Instagram information
- Page: dausmendoza;
- Followers: 880 thousand (September 28, 2025)

TikTok information
- Page: daus_mendoza;
- Followers: 5.7 million

YouTube information
- Channel: Daus Mendoza;
- Genres: Vlog; makeup; beauty; fashion;
- Subscribers: 228 thousand
- Views: 26.8 million

= Daus Mendoza =

American social media influencer (born 2005)

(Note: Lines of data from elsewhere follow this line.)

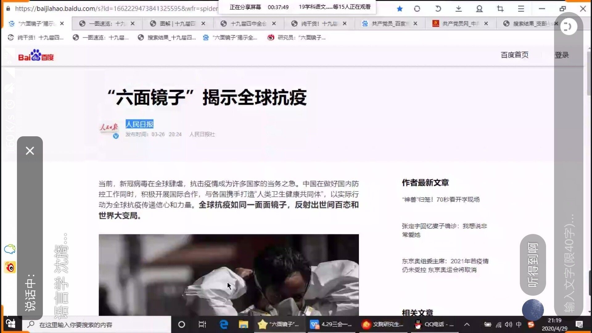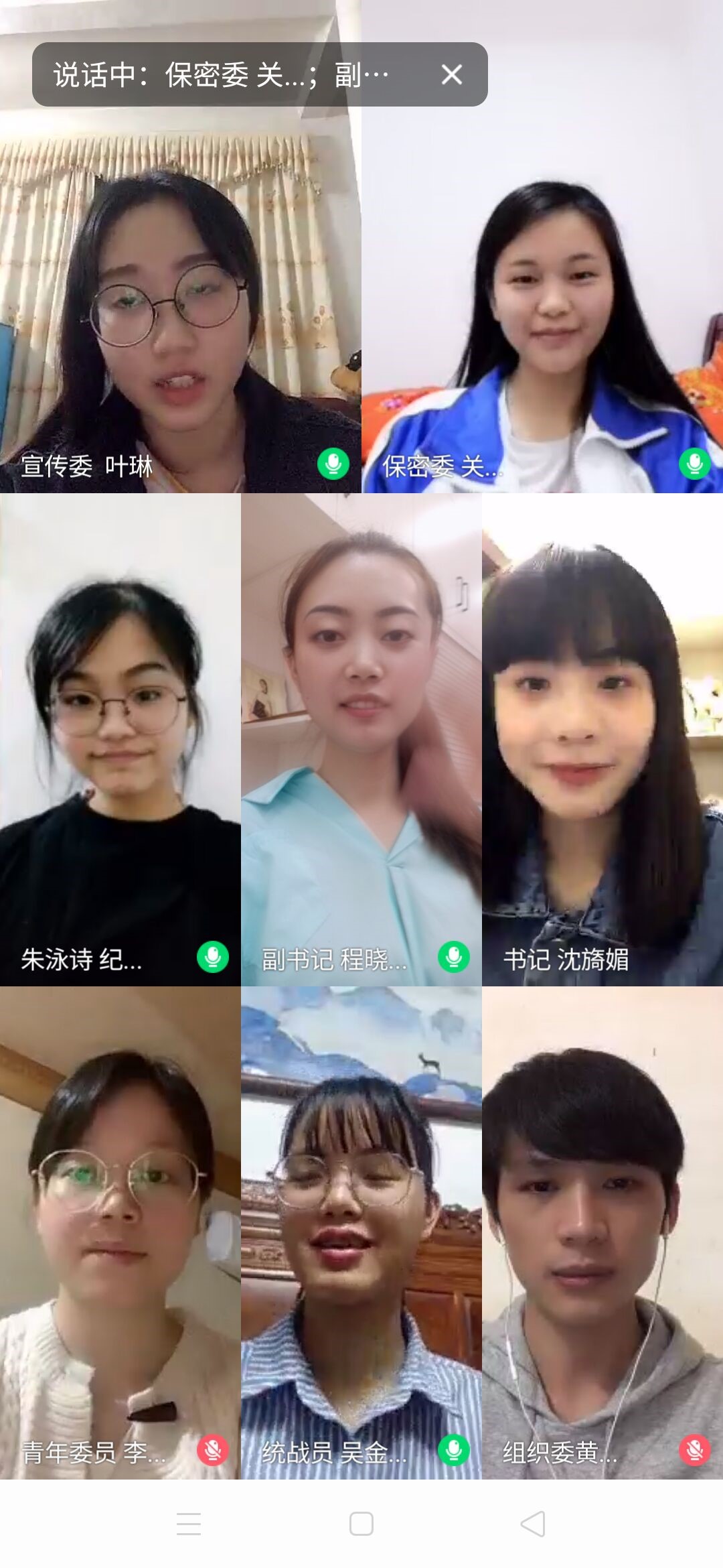 为深入贯彻学习党的十九届四中全会精神,学习在疫情防控期间优秀党员的精神品质和先进事迹,提高支部党员的思想品质,发挥支部的战斗堡垒作用,4月以来,虽受新冠肺炎疫情影响,支部党员响应国家号召居家隔离,但依旧运用网络视频、语音等功能按时开展党建工作和组织生活。
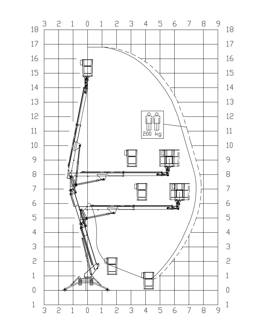 Basket made of aluminum with a minimum capacity of 120 kg and a maximum of 230 kg, with standard dimensions of 140x70x110 cm fastened to the arm by quick coupling, easily dismantled when needed for narrow passages. Fixed control panel on the basket for all aerial maneuvers. 230V electrical outlet in the basket to use tools during the aerial work.
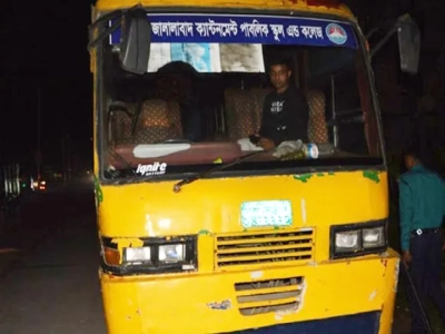 অবরোধ শুরুর আগের রাতে সিলেটে স্কুলবাসে আগুন
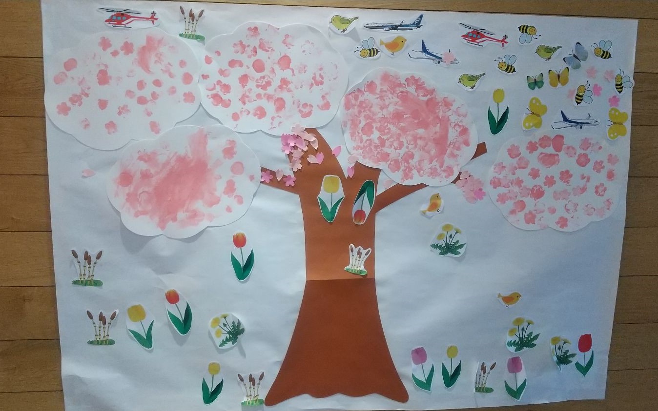 「絵の具がひやっとして気持ちいい。」、「みてみて、こんなにいっぱい花が咲いたよ。」絵の具の感触を楽しみながら、友だちと協力しながら一つの桜の木を作ります。
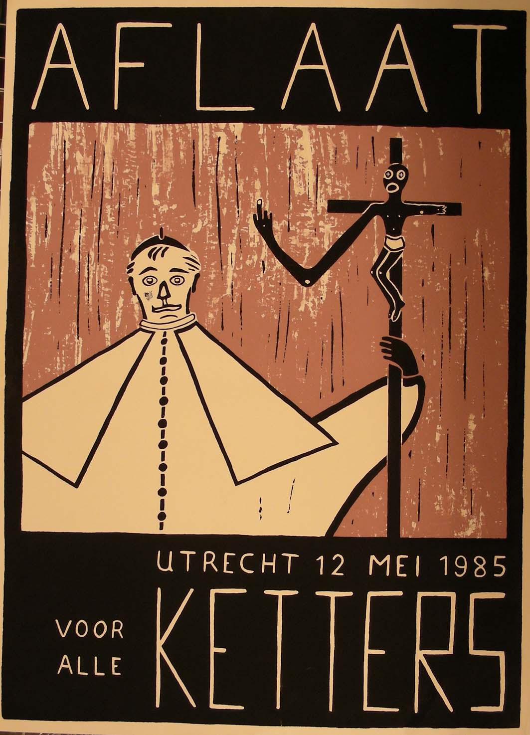 Affiche met "Aflaat voor alle ketters Utrecht 12 mei 1985", met tekening paus met kruisbeeld
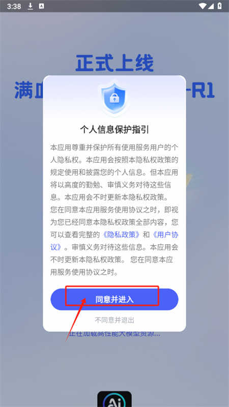 首先在本站下载并安装AI智能搜索app,启动后同意隐私政策与用户协议即可进入主界面。

Daus Mendoza (born May 8, 2005) is a Mexican-American influencer, make-up artist and content creator. He is best known for his bold fashion sense, colorful makeup looks, and engaging Get Ready With Me (GRWM) videos. By 2024, he had become one of the most recognizable young LGBTQ+ collaborating with major beauty brands.

== Early life ==
Mendoza was born on May 8, 2005, in Fountain Valley, California, United States to a family of Mexican descent. Growing up in Southern California, he developed an early interest in makeup and fashion, experimenting with bright colors and unique styles while still in middle school.

== Career ==
Mendoza began his social media career in October 2021 when he started posting videos on TikTok. His early content featured lip-sync clips and casual fashion posts, but he quickly gained a following for his makeup tutorials and GRWM videos. By 2022, Mendoza’s TikTok audience had grown into the hundreds of thousands, and he expanded to Instagram to share longer-form fashion and beauty content.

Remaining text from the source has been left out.